Tuesday 12 July 2011

Dutch Nationals

Roeland tacking in front of Sjoerd, the 2011 Dutch Champion

Having fun

More curved foils fun

Making a jump for Mark

Chris full concentration down wind in strong gusts

PJ leading the fleet

Great style by Frank

Eric, Hellecat's chairman crossing the finish line

All pics (copyrighted 2011) by Mark Cole/Eye for life. 

The Dutch nationals are won by Sjoerd Hoekstra, Chris Field was second and PJ was the last man on the podium.
Two days of strong wind and one day of light to moderate winds.
Sjoerd and Chris sailed the new Vision and were competitive with it.
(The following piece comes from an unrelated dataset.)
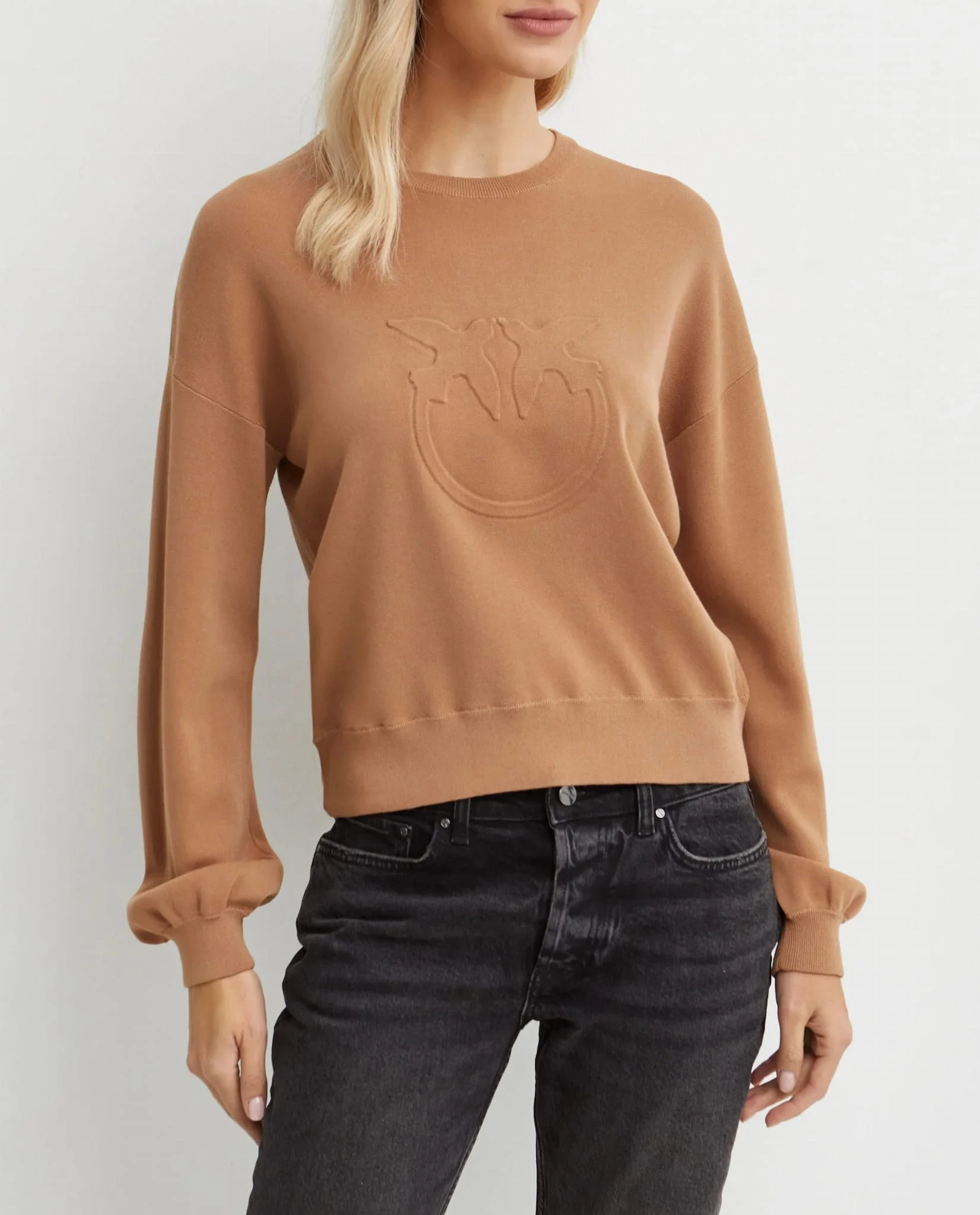 Bluza projektu marki Pinko w kolorze brązowym to stylowy i wygodny wybór, który łączy elegancję z casualowym akcentem. Ozdobne logo na przodzie przyciąga uwagę, nadając bluzie charakterystyczny, modny wygląd. Rozszerzane rękawy dodają jej nowoczesności i wyjątkowego stylu, a brzegi wykończone prążkowanym ściągaczem zapewniają odpowiednią strukturę i komfort. To idealna propozycja do codziennych stylizacji, łącząca wygodę z modnym designem.

They did win  by smart sailing, better boathandling (Sjoerd!) and more consistency than the others.
PJ and Arno showed great speed uwpwind with their new ARC masts. PJ was very fast in the moderate conditions and Arno in the 18 knots plus breeze.

We learned that keeping the daggerboards down in the big breeze (while going sort of flat) gave more control than boards up. The DNA is fast downwind if you can keep the bow up.Working the gust right is key to topspeed. Pushing the boat while it is ploughing is definitely not fast. So ease in a gust and pull in hard shortly after that. If you keep the traveller far out you can both steer very deep and have flow over the back of the sail
The conditions were not ideal for trapezing downwind, either too much or too little wind.
Trapezing downwind in 12 -18 knots is quite common now and is both fun and fast. A footstrap on the transom is too far back for those circumstances. Trapezing above 18 knots is for the experts only at this moment. It makes only sense if you keep the bow up, else you are sailing higher with the boat in displacement mode. It is tricky to handle the big gusts , if you steer up the boat shoots in the air, if you do nothing it will nose dive, come up again and accelerate agressively.  Steering up will lead to a capsize, bearing away too much will haveyou fall in the water along side the boat.
If you ease the sheet a little bit, the sail will only become fuller, which will make your problems bigger instead of smaller. A big ease or complete drop of sheet  is not practicable either else the weather hull will drop in the water and you too. If you can all overcome this and keep the boat in the groove you are rewarded with 3-4 knots extra boatspeed.  We need just to practice more in those conditions and see which style our champions have made work.

Up to Danmark now, where we will see the first World Champion boat with curved boards, as the straight boards will be almost extinct at that event.